Would you print the lines below exactly, beginning at the line that has "1 марта в 14:00" and stopping after the line that has "Полосатая футболка с"? Only those lines, and no pictures.

Saved entries:
#####

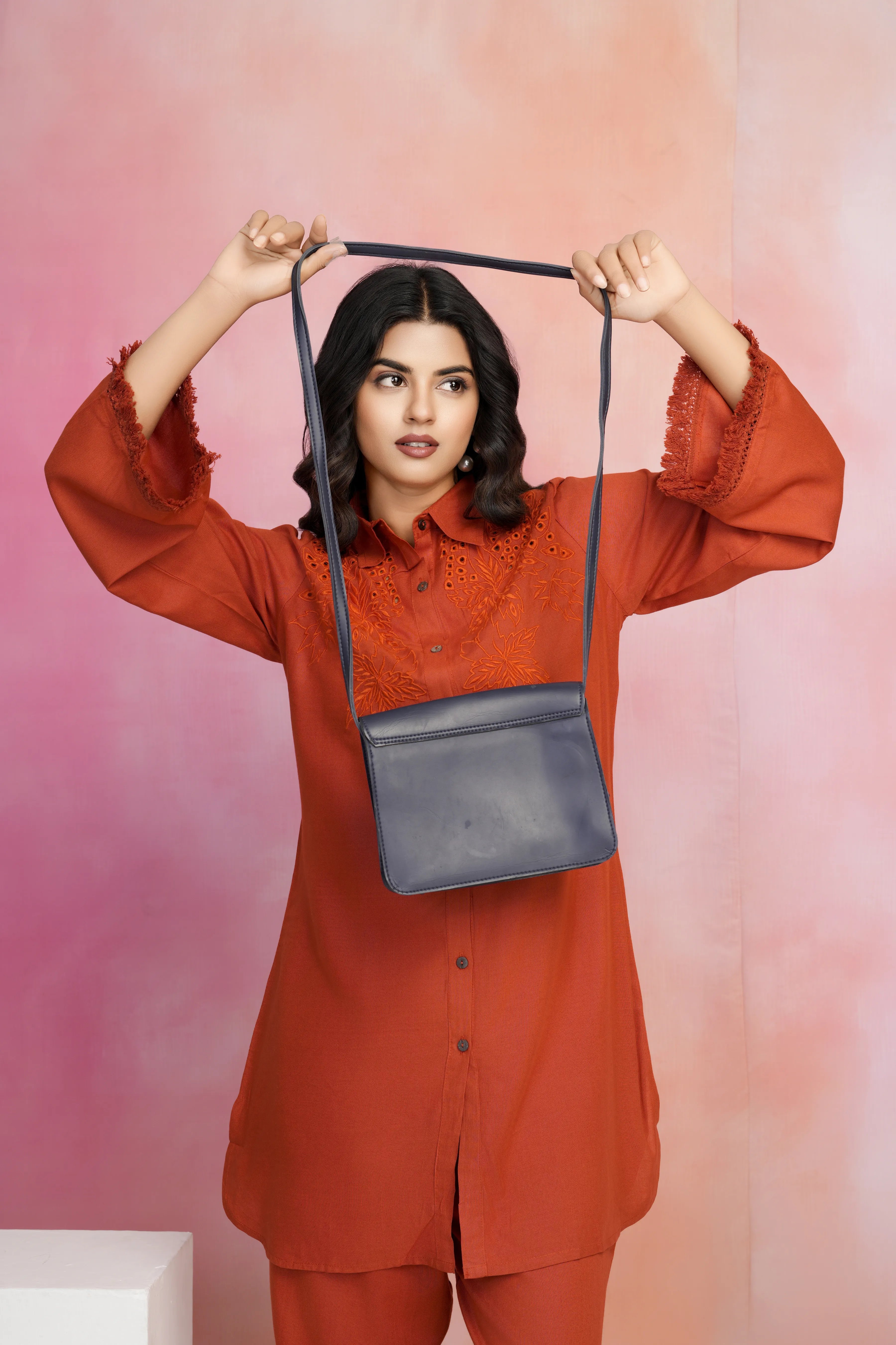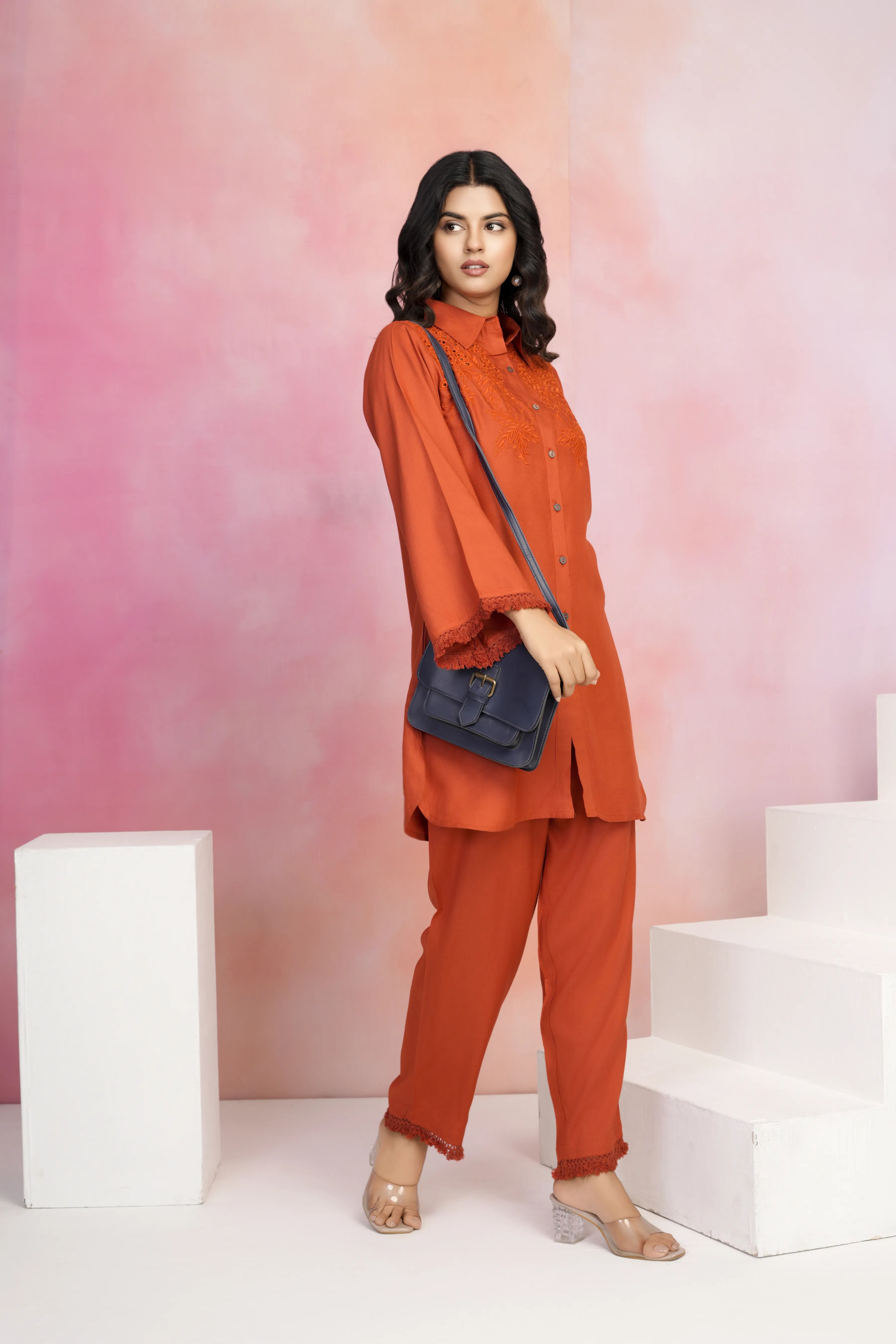 Brighten your wardrobe with this chic tangerine co-ord set, crafted from soft and breathable Viscose rayon for all-day comfort. Featuring intricate embroidery on the front, elegant wooden button details, and delicate lace accents, this ensemble exudes effortless charm. The full sleeves add a refined touch, making it a versatile choice for both casual and semi-formal occasions.
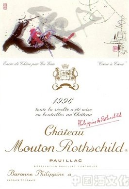 1996—中国画家兼书法家古干,为木桐创作了1996年的酒标。他也是书法艺术的创新者,首创在书法中使用色彩的墨,使之更有装饰效果。作品使用了五个不同的心形象征图案,每一个图形都有自己的颜色。这幅作品在富视觉冲击力的同时又很有寓意,名叫《心连心》。在画中,作者使用了流传千年的中国的书法元素。
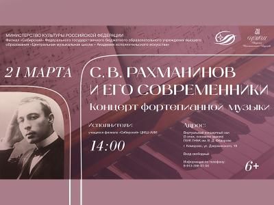 1 марта в 14:00 ч. в Государственной научной библиотеке Кузбасса им. В.Д. Федорова состоится концерт фортепианной музыки «Сергей Рахманинов и его современники". Свое творчество слушателям представят учащиеся кафедры специального фортепиано (заведующий кафедрой - Денис Олегович Трунов) филиала «Сибирский» Центральной музыкальной школы – Академии исполнительского искусства. Концерт посвящен юбилею великого русского композитора Сергея Васильевича Рахманинова. Зрители познакомятся с биографией, творчеством композитора и его современников: А. Лядова, С. Прокофьева, А. Гедике и других. Ведущая мероприятия – заведующая кафедрой теоретических дисциплин филиала «Сибирский» ЦМШ-АИИ Екатерина Александровна Городилова. Концерт пройдёт в видеоконференц-зале (3 этаж, основное здание библиотеки).
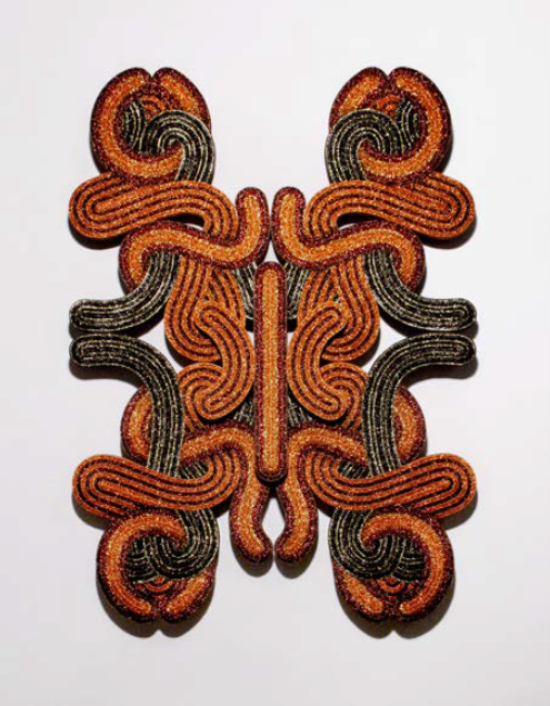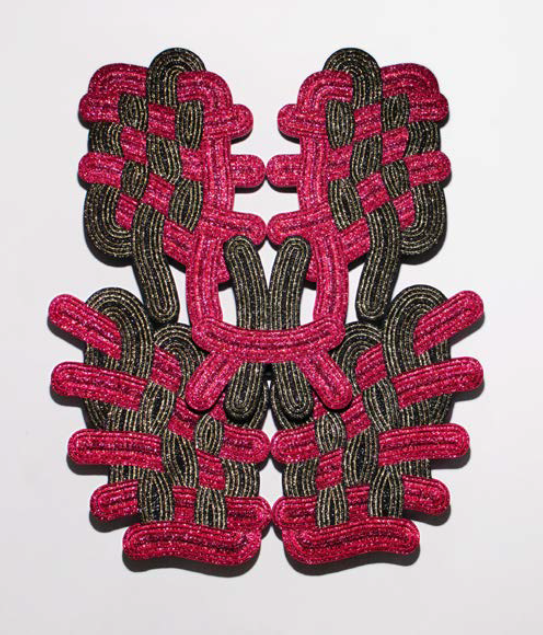 องค์ประกอบสำคัญของผลงานชุดนี้คือพื้นผิวที่เลียนแบบงานทอ—การจัดวางผ้าเป็นชั้น ๆ ราวกับเป็นผิวหนังชั้นที่สอง องค์ประกอบประติมากรรมเหล่านี้สะท้อนการสำรวจอย่างต่อเนื่องของศิลปินเกี่ยวกับเสื้อผ้าในฐานะสื่อกลางของตัวตน ที่เปิดเผยและปกป้องในเวลาเดียวกัน ความตึงเครียดระหว่างการปกปิดและเปิดเผยนั้นเห็นได้อย่างชัดเจน ขณะที่การประดับประดาตกแต่งกลายเป็นกลยุทธ์ในการรักษาเรื่องราวส่วนตัวพร้อมกับการแสดงออกถึงความเป็นปัจเจก
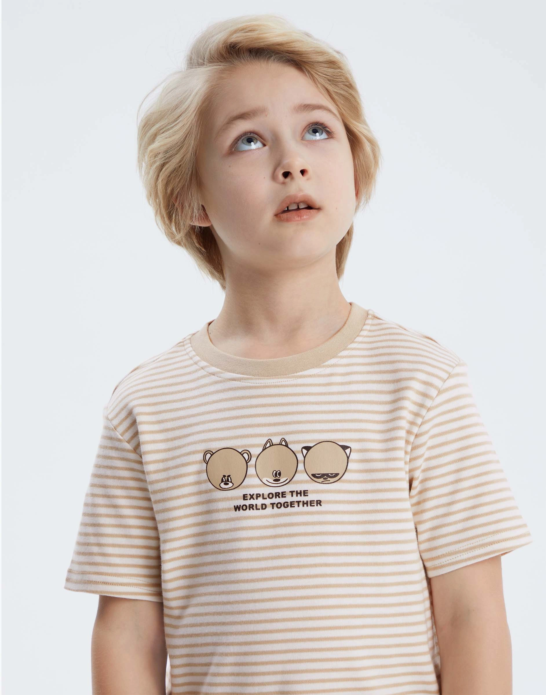 Полосатая футболка с принтом для мальчика Bkt016223-1
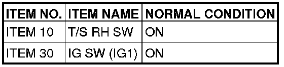 Normal condition is not displayed for "T/S RH SW" : Refer to Inspection Procedure M-5 "ETACS-ECU does not receive any signal from the turn-signal light switch Inspection Procedure M-5."
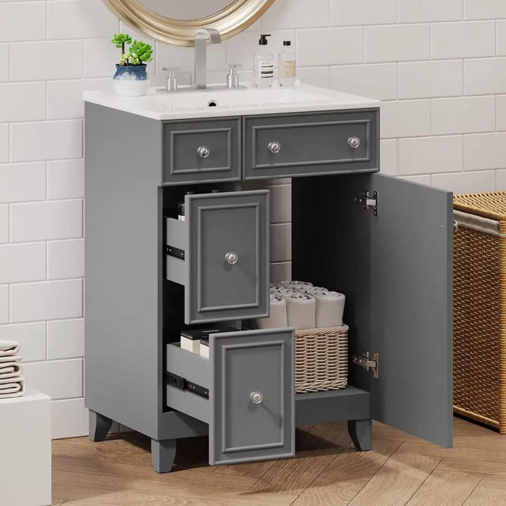 24" Bathroom Vanity with Ceramic Sink, Mid-Century Bathroom Vanity Cabinet with 2 Drawers This stylish bathroom cabinet blends mid-century modern design with practical functionality for today's homes. The elegant piece features unique rattan detailing that adds natural texture, while its spacious interior includes two full-extension drawers and multiple storage compartments to keep your essentials organized. Crafted from premium moisture-resistant MDF, the cabinet boasts a sturdy base for stability and comes with quiet soft-closing hinges for peaceful operation. The glossy ceramic basin sink resists stains and scratches, complemented by durable metal handles for a refined finish. Practical touches like 4-inch faucet compatibility (faucet not included), anti-overflow drainage, and accessible plumbing holes make installation and daily use effortless. Perfect for creating a clutter-free, designer-inspired bathroom space. Timeless Design with Functional Storage This bathroom cabinet combines mid-century modern elegance with practical storage solutions. The sleek design features unique rattan accents, adding warmth and texture to your space. Inside, two full-extension drawers and well-organized compartments provide ample room for toiletries. Quiet, Smooth, and Sturdy Performance Designed for everyday convenience, the cabinet operates with soft-closing hinges that eliminate noise and prevent slamming. The sturdy base offers stability, while the high-quality metal handles ensure a secure grip. Smart Features for a Clutter-Free Bathroom Thoughtful details like anti-overflow holes and accessible plumbing cutouts enhance functionality. The easy-to-clean surfaces and efficient storage design help maintain a tidy, organized bathroom.
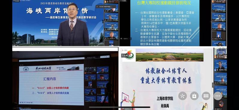 学术研讨会由我校今年会jinnianhui官网副院长田英教授主持。在历时一天的研讨会中,我校刘铸副校长、今年会jinnianhui官网副院长石云龙教授、台湾辅仁大学体育系主任蔡明志教授、东北师范大学体育学院院长张守伟教授、上海体育学院肖焕禹教授、首都体育学院茹秀英教授、徐州工程学院体育学院院长李平教授、上海对外经贸大学体育部主任崔树林教授、台湾长荣大学橄榄球队总教练陈良乾教授、台湾屏东科技大学人文社会科学院副院长郭癸宾教授、中国计量大学军体部副主任李文川教授、福建师范大学体育学院郑家铨博士等专家学者,通过线上、线下的方式呈现了12个大会主题发言。刘铸副校长以“充分发挥高校在体育文化建设和发展过程中的引领和推动作用”为题进行了发言,他表示:“体育事业的进步必须要有强有力的体育文化作为基本核心支撑,而高校又为体育文化的交流、传播与创新提供了重要的开放式平台,充分发挥高校在体育文化建设和发展过程中的引领和推动作用,意义重大,任重道远。”张守伟教授以“东北师范大学“U-G-S”冰雪人才培养模式构建与实施”为题进行了发言,他指出:“东北师范大学的‘U-G-S’冰雪人才培养模式构建了冰雪项目后备人才的合作体制和合作机制。通过实施特色人才培养、训练基地建设、科技支撑服务与冰雪装备研发,更好地服务于我国冬奥会科技保障的重大战略需求,具有重要的现实意义和价值。”蔡明志教授以“台湾大专院校竞技运动发展——以辅仁大学为例”为题进行发言,蔡教授的精彩报告,让我们更清晰的了解台湾大专院校竞技体育的发展脉络。学者们聚焦两岸高校体育竞技及专业教学,对两岸高校体育教学中师资及人才培养方面存在的共性问题互相借鉴,共同促进各种学科领域的创新和发展,提出了前瞻性与指导性的建议。
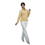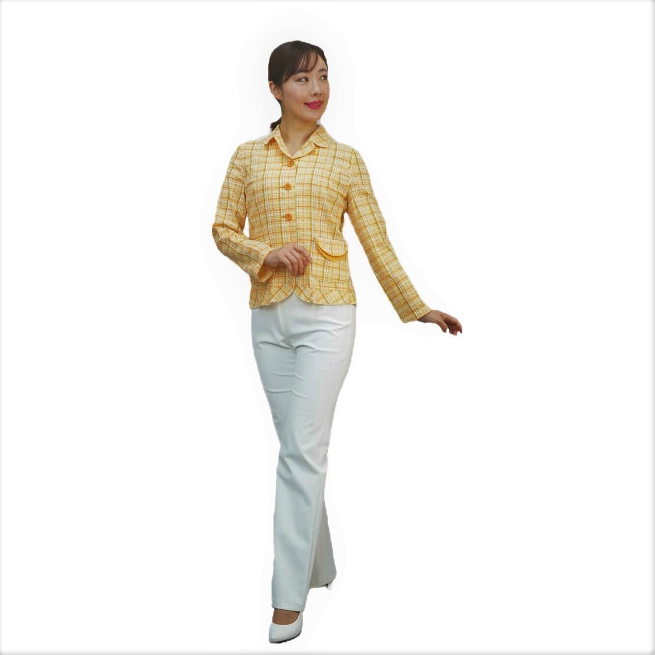 可愛い雰囲気のオレンジのジャケット。ポケットが面白く入れる場所が2か所あり、裾のフリル共に可愛いです.モデルの身長は168㎝です。
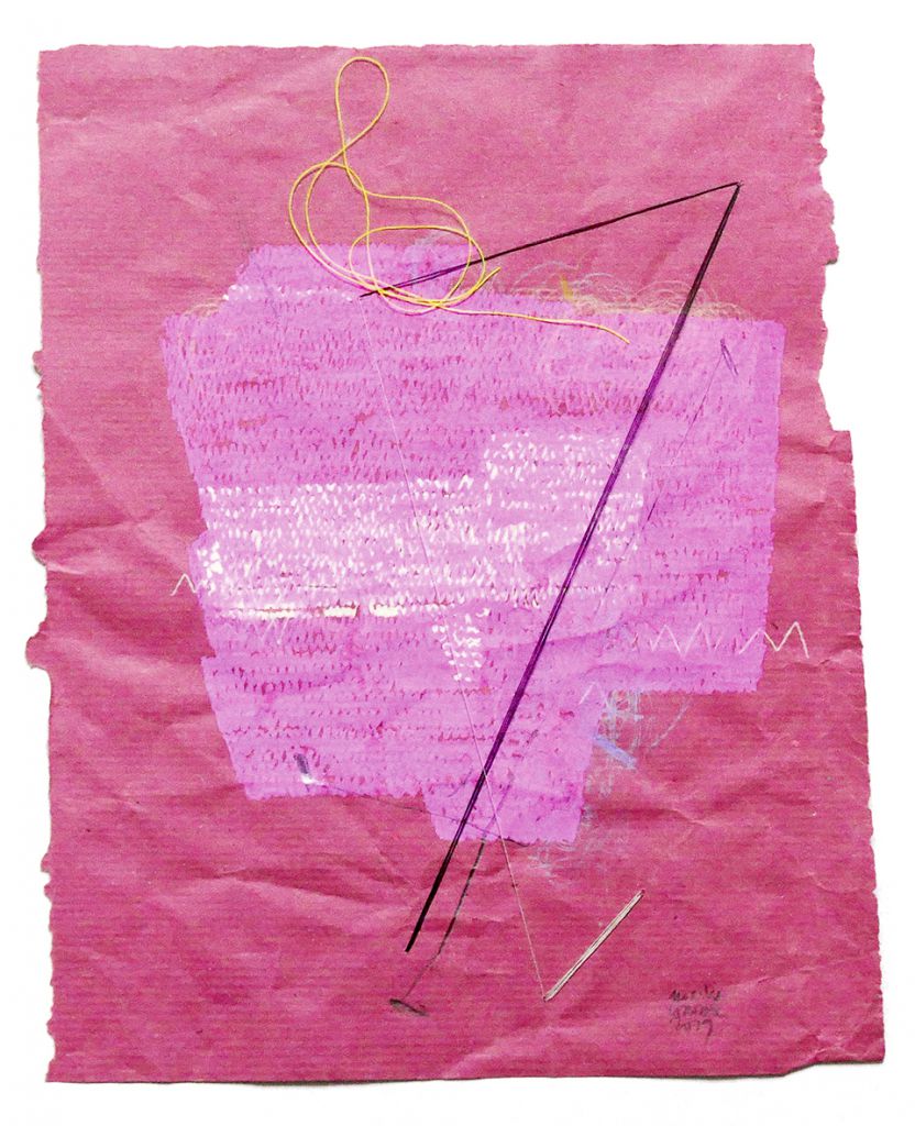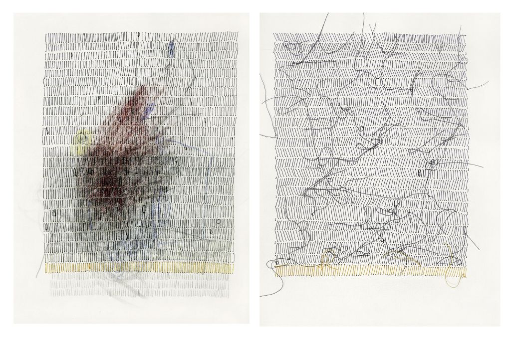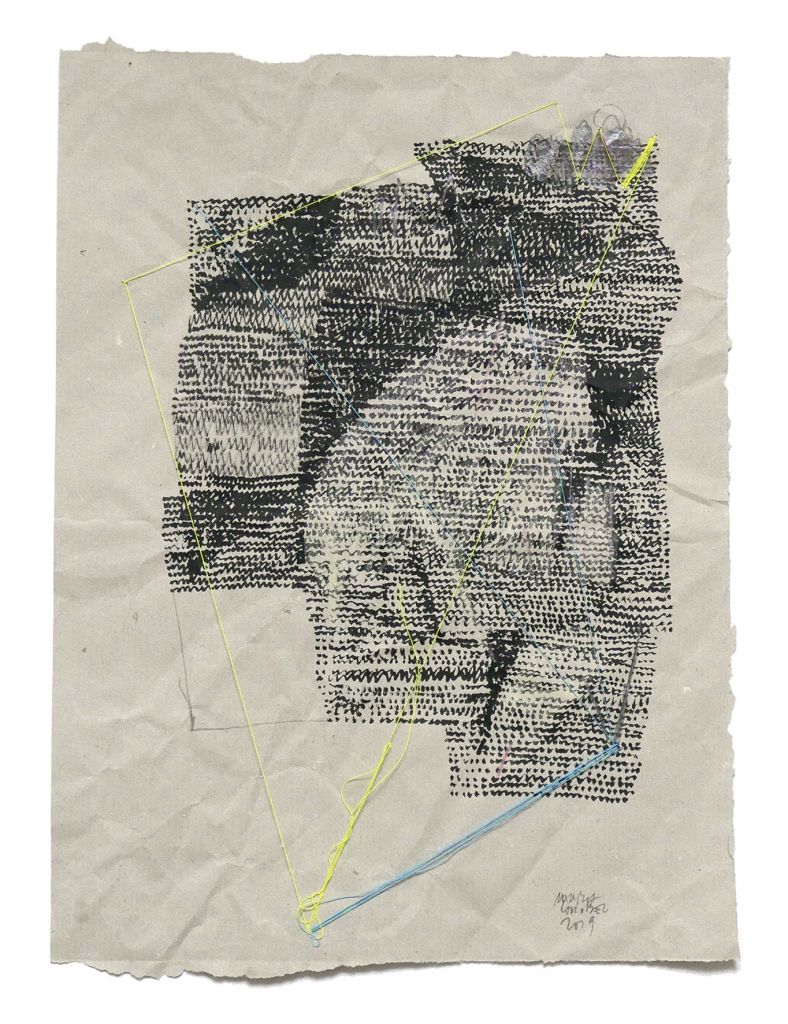 Bleistift, Druckfarbe und Garn auf Papier

#####

Solution to this problem
 1 марта в 14:00 ч. в Государственной научной библиотеке Кузбасса им. В.Д. Федорова состоится концерт фортепианной музыки «Сергей Рахманинов и его современники". Свое творчество слушателям представят учащиеся кафедры специального фортепиано (заведующий кафедрой - Денис Олегович Трунов) филиала «Сибирский» Центральной музыкальной школы – Академии исполнительского искусства. Концерт посвящен юбилею великого русского композитора Сергея Васильевича Рахманинова. Зрители познакомятся с биографией, творчеством композитора и его современников: А. Лядова, С. Прокофьева, А. Гедике и других. Ведущая мероприятия – заведующая кафедрой теоретических дисциплин филиала «Сибирский» ЦМШ-АИИ Екатерина Александровна Городилова. Концерт пройдёт в видеоконференц-зале (3 этаж, основное здание библиотеки).
 องค์ประกอบสำคัญของผลงานชุดนี้คือพื้นผิวที่เลียนแบบงานทอ—การจัดวางผ้าเป็นชั้น ๆ ราวกับเป็นผิวหนังชั้นที่สอง องค์ประกอบประติมากรรมเหล่านี้สะท้อนการสำรวจอย่างต่อเนื่องของศิลปินเกี่ยวกับเสื้อผ้าในฐานะสื่อกลางของตัวตน ที่เปิดเผยและปกป้องในเวลาเดียวกัน ความตึงเครียดระหว่างการปกปิดและเปิดเผยนั้นเห็นได้อย่างชัดเจน ขณะที่การประดับประดาตกแต่งกลายเป็นกลยุทธ์ในการรักษาเรื่องราวส่วนตัวพร้อมกับการแสดงออกถึงความเป็นปัจเจก
 Полосатая футболка с принтом для мальчика Bkt016223-1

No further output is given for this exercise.